Yes, I did enroll in as many botany courses as my schedule (and the distribution requirements) allowed. One course I enjoyed was field botany. Our labs comprised visiting various sites around northern Vermont and collecting plants. We used those as the basis for our 50-plant collection that was due at the end of the term and we lost 1/3 of a letter grade per incorrectly identified plant.
The tool we used for identifying plants was a dichotomous key. A book with hundrends of pages of plant description that resembled a “choose you own adventure.” “Does you plant have this characteristic? Yes, go to page x. No, go to page y.”

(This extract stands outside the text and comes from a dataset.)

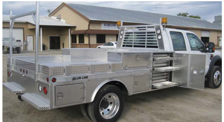
2. Equipped with optional above bed tool boxes, upright front tool boxes, rear step bumper, louvers and short sides. You can build a body your way.

I still have both the key and one of the dried plants that comprised my collection hanging in my home office. The red tinge to the photos is proof I am still an amateur botanist. My office also has a bank of grow lights with plants waiting for the spring to return to the fresh air.
In September, I visited my son in Hawai’i. We spent on glorious morning visiting the botanical gardens on Oahu. As we were waiting for him to pick us up (we awoke very early as our bodies were still on east coast time), I downloaded a plant identification app on to my phone. As we visited the gardens, I was busy snapping pictures of flowers and uploading them to see the names of the plants.

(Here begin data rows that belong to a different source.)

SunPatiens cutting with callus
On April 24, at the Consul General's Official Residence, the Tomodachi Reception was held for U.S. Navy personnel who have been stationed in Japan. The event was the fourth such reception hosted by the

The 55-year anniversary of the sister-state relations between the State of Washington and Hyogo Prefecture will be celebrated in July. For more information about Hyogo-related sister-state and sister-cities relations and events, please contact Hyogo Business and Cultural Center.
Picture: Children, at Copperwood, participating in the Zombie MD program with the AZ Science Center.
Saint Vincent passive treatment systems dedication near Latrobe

As an old-time botanist who continues to know plants I encounter and learn about invasive species (I can identify poison hemlock which was never necessary in my region when I was a younger man), I missed the connection of looking deeply at plants to identify them. I also appreciated that fact that I did not have time for such identification. I was in Hawai’i for only five days and we had lots to do.
Flying home, I thought about the technology I had used. I downloaded the app despite the fact I was 5 thousand miles from my house and internet service provider, but the cellular network knew where I was. When I launched the app, it located me in the north Pacific and used that to reduce the time it needed to identify plants I photographed. It gave remarkably accurate (at least to my seeing many species for the first time) results within seconds. It also gave me the option to save my images, tag them, and even share them. I decided not to upload them to the database as I was not confident in the identifications.
For me, this illustrates the benefits of technology. I more throughly enjoyed my trip as a could name plants that were increasingly familiar as the trip went on. I thin about those who eschew technology as (in my case) cheating when identifying plants. In my circumstance, I had no other option. I had hundreds of plants I was seeing and I wanted to know them. That what technology does for us. It delivers information literally to our hands literally anywhere in the world.
Sure we don’t want to forget how to identify plants without technology, but let’s use it when it is the best choice. Let’s fdo the same when calculating, writing, or otherwise creating.